The IRS recently issued their annual press release about unclaimed refunds from four years ago, and, once again, there is significant money at stake: More than $1 billion for tax year 2021 for non-filers.
According to IRS estimates, 1.1 million taxpayers in all fifty states and the District of Columbia could claim refunds if they file on or before April 15, 2025, with a median refund of $781. Because the refund statute is only three years, taxpayers must act now to claim refunds from 2021.
How does the IRS know this? In the age of big data, it’s not difficult. The IRS routinely prepares SFR (Substitutes for Return) for individual taxpayers based on data provided from other sources such as payroll tax returns and Forms W-2, 1099, K-1, etc.

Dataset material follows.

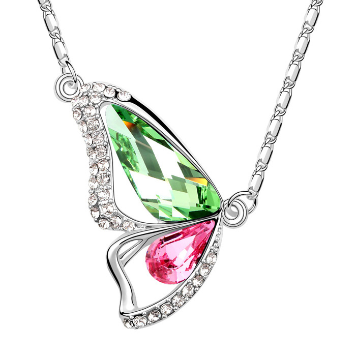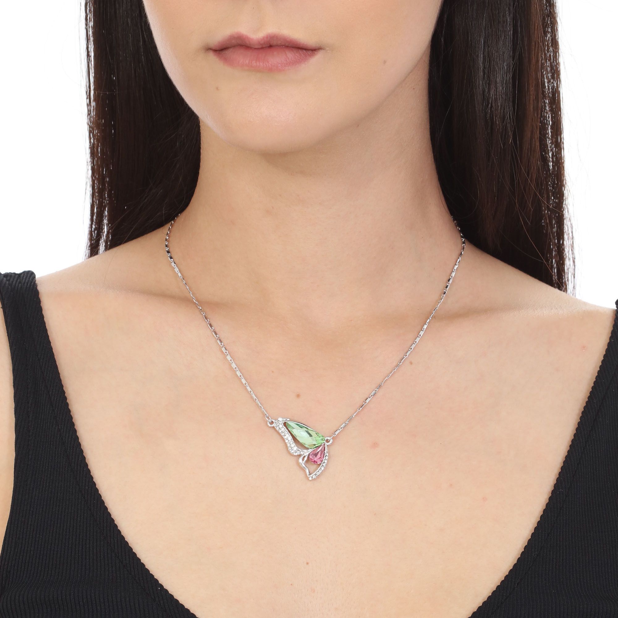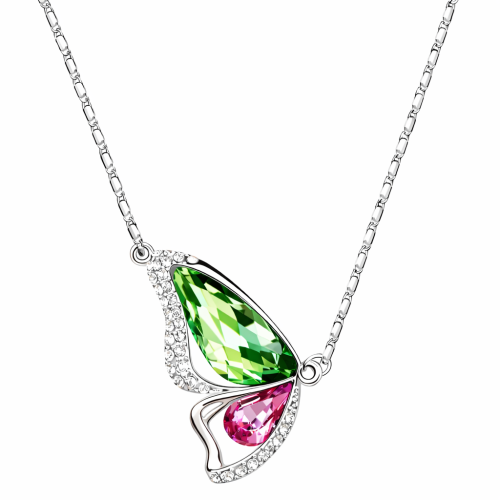 Delicado Collar en baño de oro blanco de 18 quilates, con diseño de mariposa con incrustación de cristales en color blanco, rosa y verde.

When the SFR indicates a balance due, the IRS has 10 years to collect the unpaid taxes and individual taxpayers often receive a bill. However, when the SFR indicates an overpayment, individual taxpayers are not contacted. Instead, the annual press release goes out, and any money that isn’t claimed within the 3-year refund statute becomes the property of the U.S. Treasury.
If you’re a tax preparer who doesn’t have too much to do in the final days of tax season, here’s how to file old taxes so you can help your clients claim these refunds:
First, identify which of your clients did not file old taxes for 2021 and engage them ASAP.
Second, pull wage and income transcripts from the IRS and prepare a draft return.
Finally, file that return, bill for your services, and give your clients another reason to brag about your expertise!
If you can’t carve out your share of the $1 billion in unclaimed tax refunds before April 15, there will be another opportunity next year for tax year 2022 non-filers. When tax season cools off, you can start thinking about how to use this information to help your current and future clients.